With any of these parasites, we have to push back the paranoia and get informed. We need to stop giving energy to action that doesn't actually work and be willing to work on doing what is actually effective. Keep things in perspective - these parasites just create an itch. They are an uncomfortable inconvenience, not a life threatening situation.  We can handle that, can't we?  Still, I want to stick up for the little pediculosis capitis. The little head louse is hearty and resilient but it also has its weaknesses.  Even without a comb, we can remove lice and nits faster then an adult louse can lay them, so we always have the advantage in the fight. If I had to choose between parasites, I'd always pick head lice - because it is the only one I can actually pick.

8/11/2013

What's the least you can do to feel sane?

Last spring, my friend's daughter got head lice.  Naturally, my friend called me for reassurance. Though my friend and I have had many discussions about head lice, her perspective on head lice changed when it actually made an appearance in her own house.

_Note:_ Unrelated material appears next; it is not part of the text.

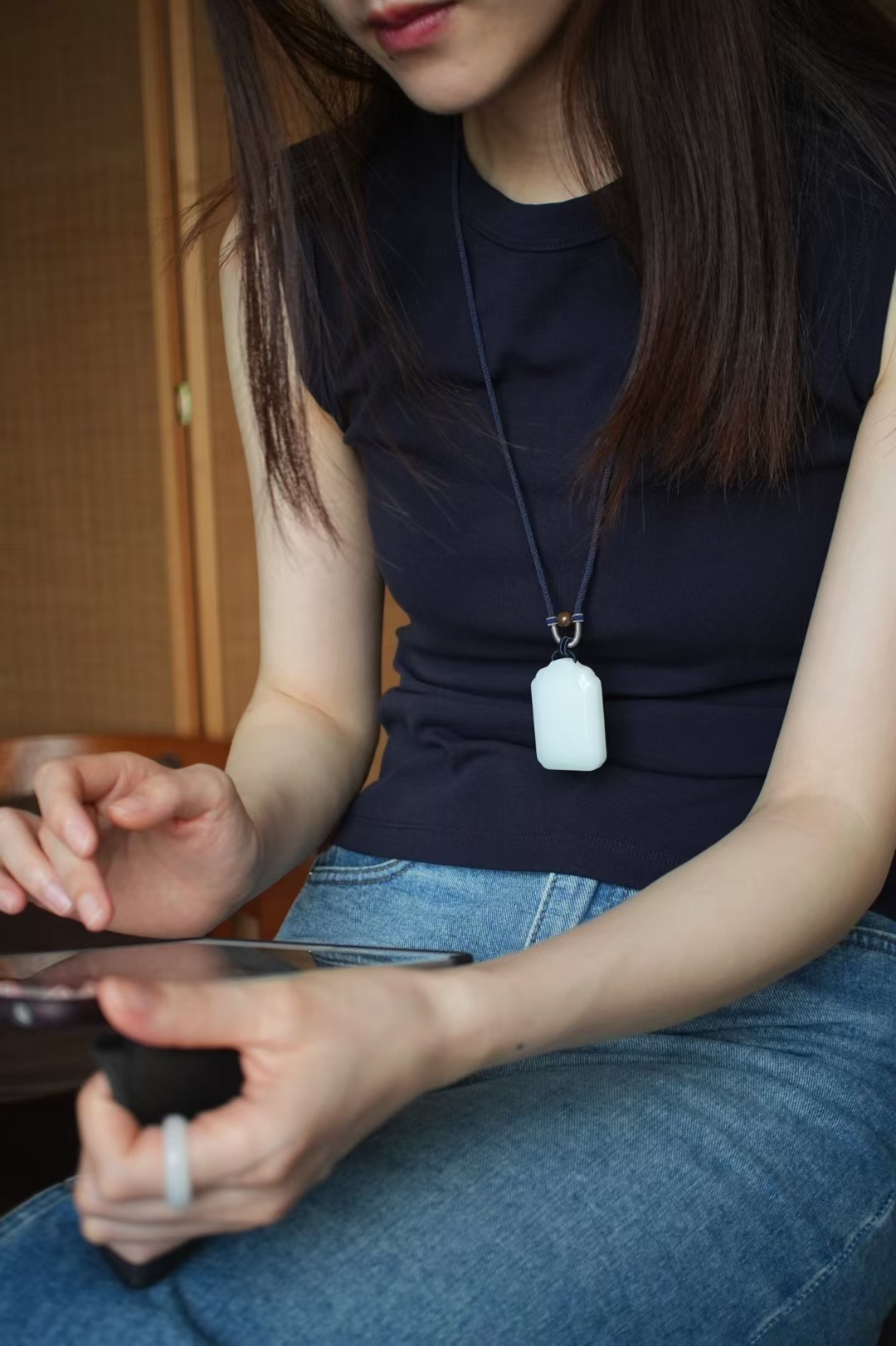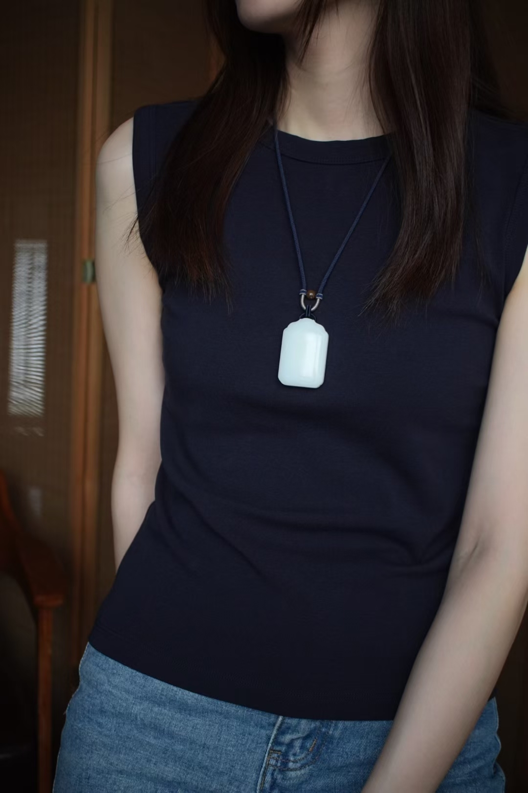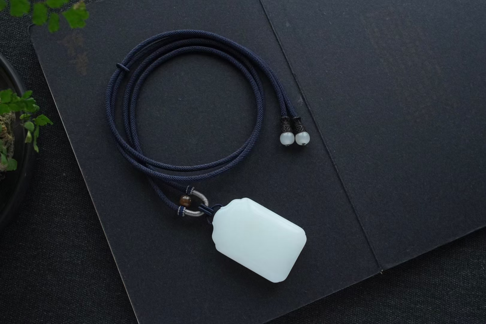 牌型規整大氣,賦予平安無事的意念,出一塊賣一塊的性價比好貨。搭配純手工製作進口繩,黑檀雕刻鈴鐺連接白玉老型珠作尾墜,點綴糖料圓珠,佩戴典雅大氣。

She said, "I know that the research says that doing cleaning won't help. But I want to clean.  I want to vacuum everything, including the children. I want to do laundry.  It would make me feel better."

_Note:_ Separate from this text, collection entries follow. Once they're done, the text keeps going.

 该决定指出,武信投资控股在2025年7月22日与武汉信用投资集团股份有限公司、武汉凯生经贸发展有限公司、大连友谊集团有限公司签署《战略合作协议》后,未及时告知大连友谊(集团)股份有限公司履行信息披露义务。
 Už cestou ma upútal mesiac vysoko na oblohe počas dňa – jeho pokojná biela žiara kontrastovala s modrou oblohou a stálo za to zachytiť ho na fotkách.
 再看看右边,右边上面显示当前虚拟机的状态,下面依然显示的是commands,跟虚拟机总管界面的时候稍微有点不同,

I like a clean home as much as the next person, but I know the cleaning marathons that are triggered by the discovery of head lice.  All other activity (including sleep) is discontinued in and out of the home.  What's worse is that people actually cut back on the time they spend in lice combing because they are too exhausted from their newly adopted morning-to-night rituals (get kids up, strip beds, throw bedding in wash, vacuum mattresses, vacuum room, throw pajamas in wash, throw pillows in the dryer...all before the morning coffee.) Though NONE of this helps, I understand that it is our natural survival instincts that get us moving in a crisis.  Being busy makes us feel better.  Knowing the panic that ensues in a home that just discovers these uninvited guests, I asked my friend a question:

"What is the LEAST you can do to still feel sane?"

My friend already knew that she needed to put the time and effort into a thorough wet combing of her daughter's head every couple of days over the next 2 weeks and that this would already give her plenty of work to do.  But in her mind, she wanted to do more.  In answer to my question, she said, "The pillows.  I think my rational mind would let me give up most of the cleaning, but I know I couldn't rest if I didn't change my daughter's pillow case every day." 

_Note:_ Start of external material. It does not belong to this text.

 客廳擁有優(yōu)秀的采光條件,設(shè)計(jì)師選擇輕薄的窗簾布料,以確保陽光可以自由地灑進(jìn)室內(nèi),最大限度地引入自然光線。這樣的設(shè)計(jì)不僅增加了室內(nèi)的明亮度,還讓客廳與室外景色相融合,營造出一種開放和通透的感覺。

"Ok, as long as you know that this activity will have no effect on your daughter's head lice, right?"

"I know."

So my friend resisted the demon of excessive cleaning and even stopped changing the pillowcase after a couple of days.  She used no chemical treatments and simply used a proper metal lice comb on her daughter's wet, conditioned hair.  Though she combed over a 2 week period, no lice or eggs were seen after the 3rd combing. When I congratulated her on the success of her efforts, she admitted that she had doubted that the solution could be so simple.  (Simple but not easy; even though things get easier and faster as you go, keeping up with the combing is still a pain in the arse.) I asked her why she stopped washing her pillowcases every day.  She said that as she did more combings, her confidence in her own abilities to detect and remove the bugs and eggs grew every day.  She was pleased that I had steered her away from doing more and being less effective.

If you have just discovered head lice in your home, get informed before you do or spend anything. If you are reading this blog for the first time, check out the other posts.  Learn about wet combing. Read the research links.  Think with your head based on the most current knowledge and try not to give into cleaning urges.  But if you just can't resist, then choose your battles wisely.  Ask yourself the question, "What is the least I can do to feel sane?" Not the least you can do in the combing/picking department - nothing will relieve you of this necessary task - but what is the least you can do in the home. Less time cleaning means more time combing. Get a good comb, do the combing, and trust the process.